- Directed by: Peter Krüger
- Written by: Peter Krüger Ben Okri
- Produced by: Peter Krüger
- Starring: Michael Lonsdale Abiba Sawadogo Hamadoun Kassogue Vieux Farka Touré
- Cinematography: Rimvydas Leipus
- Edited by: Nico Leunen
- Music by: Walter Hus
- Production company: Inti Films
- Release date: 8 February 2014 (Germany);
- Running time: 102 minutes
- Countries: Netherlands, Belgium, Germany
- Languages: French, English, African languages

= N – The Madness of Reason =

2014 Belgian documentary film

N – The Madness of Reason is a 2014 Belgian documentary film written (in collaboration with Ben Okri) and directed by Peter Krüger.

==Synopsis==
The film explores the life of Raymond Borremans, a freewheeling Parisian musician turned encyclopedia enthusiast whose fascination with the history and customs of West Africa lead to his compiling a book on the subject.
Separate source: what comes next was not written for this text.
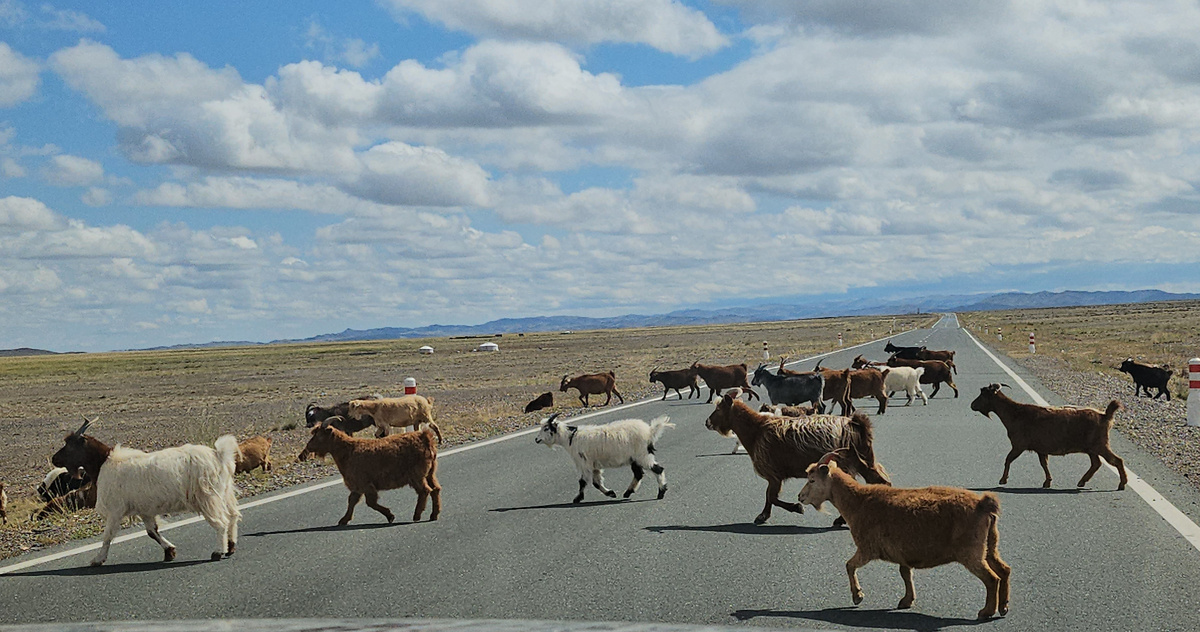 Скоростной режим за городом строгий — не более 80 км/ч. (штраф за превышение скорость на 10%,). Сначала это удивляет, ведь по идеальному асфальту с отличной видимостью ехать так медленно кажется странным. . После 50 километров такой темп становится невыносимым. Местные это тоже понимают и не всегда соблюдают правила. Камеры в Монголии стоят только на въезде в населённые пункты и в городах. За 300 километров пути мы не встретили ни одной камеры вне города. Главная опасность на дорогах — огромные стада животных, свободно разгуливающие вдоль трассы. Днём их видно издалека, но ночью нужно быть особенно осторожным. Животные могут появиться на дороге в любой момент. Несколько раз мы видели трупы животных у дороги, что подтверждает опасность, которую они представляют. Поэтому рекомендуем двигаться максимально аккуратно и не превышать скорость в тёмное время суток.

Encyclopédie Borremans was left uncompleted on his death in 1988, at the age of 82. He got to the letter "N", hence the film's name. N - The Madness of Reason combines elements of documentary, biopic, and fiction.

==Cast==
The film's cast includes Michael Lonsdale (narrator), Abiba Sawadogo, Hamadoun Kassogue, and Vieux Farka Touré.

==Release==
The film was screened at several film festivals in 2014 and was slated for general release on February 8, 2014.

N – The Madness of Reason received three nominations at the 2015 Ostend Film Festival, winning the Ensor Award for Best Film (for the director Peter Krüger), the Ensor Award for Best Editing (for the editor Nico Leunen), and the Ensor Award for Best Music (for the composer Walter Hus). At the 2014 Cine Migrante International Film Festival in Brasília, the film won the 2014 Jury Award for Best Film.